Onde evitare di farle perdere la pazienza, il gruppetto si incamminò verso l’Hotel Centrale, un albergo di lusso, dove i ragazzi avrebbero pernottato per tutta la durata del torneo.
“Sarà il caso che andiamo a letto presto, stasera.” affermò il Professor K.
“Già, domani ci sono le selezioni per le semifinali!” dichiarò Sara.
Ormai erano arrivati. Prima di salutarsi, Hilda impartì loro le ultime istruzioni.
“Domani mattina alle nove cominceranno le selezioni. Domani pomeriggio vi accompagneremo a visitare Roma. Dopodomani avrete le semifinali e giovedì avrà luogo la finale. Tutto chiaro?”
“Chiarissimo. Ma cosa faremo dopodomani pomeriggio?” si informò Rei.
“Uhm, il presidente della nostra associazione ci ha chiesto di prenderci cura di voi. Penso che se sarà una bella giornata potremo portarvi a fare il bagno nel Tevere, che ne dite?” suggerì Sara.
“Wonderful!” urlò Max.
Tutti confermarono che era una buona idea.
La notte trascorse serena per tutti tranne che per Kei: non riusciva a chiudere occhio, aveva paura che, addormentandosi, avrebbe di nuovo fatto quell’orribile sogno. Per un attimo fu tentato di chiamare Rei e di confidarsi con lui, ma quando vide che il ragazzo dormiva beatamente, non ebbe cuore di svegliarlo. Allora si alzò dal letto, indossò i suoi vestiti e scese in strada. Rimase molto sorpreso, però, quando vide che, appoggiata al muro, vicino alla porta dell’hotel, c’era Cry.
“Ciao!” la salutò.
“Ehi, tu!
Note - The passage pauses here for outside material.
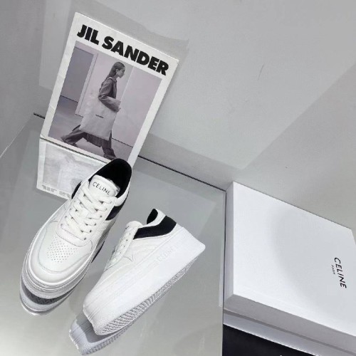 Белые кеды Celine изготовлены из натуральной кожи. Модные и современные кеды имеют черные кожаные вставки и логотип бренда на заднике. Высокая подошва обеспечит вашим ногам полный комфорт и идеальное сцепление. В нашем интернет-магазине вы можете купить копии кед с доставкой по Москве и по всей России.

Sei Kei, giusto?” chiese lei, con arroganza.
“Perché?” ribatté lui.
“Ti va una sfida?”
“Tsk! Con una come te? Non ci penso nemmeno!”
“Smettila, tanto lo so che muori dalla voglia di batterti con me!”
“E va bene! Accetto”
La sfida finì in perfetta parità. Rimasero insieme tutta la notte, parlando di loro, dei Bey, dei loro Paesi d’origine. Tuttavia Kei non affrontò né l’argomento sogno, né l’argomento Torneo: non sapeva perché, ma aveva deciso di fidarsi solo di Rei, e si sarebbe confidato solo con lui e solo quando si fosse sentito pronto per farlo, tanto sapeva di poter contare sulla sua amicizia.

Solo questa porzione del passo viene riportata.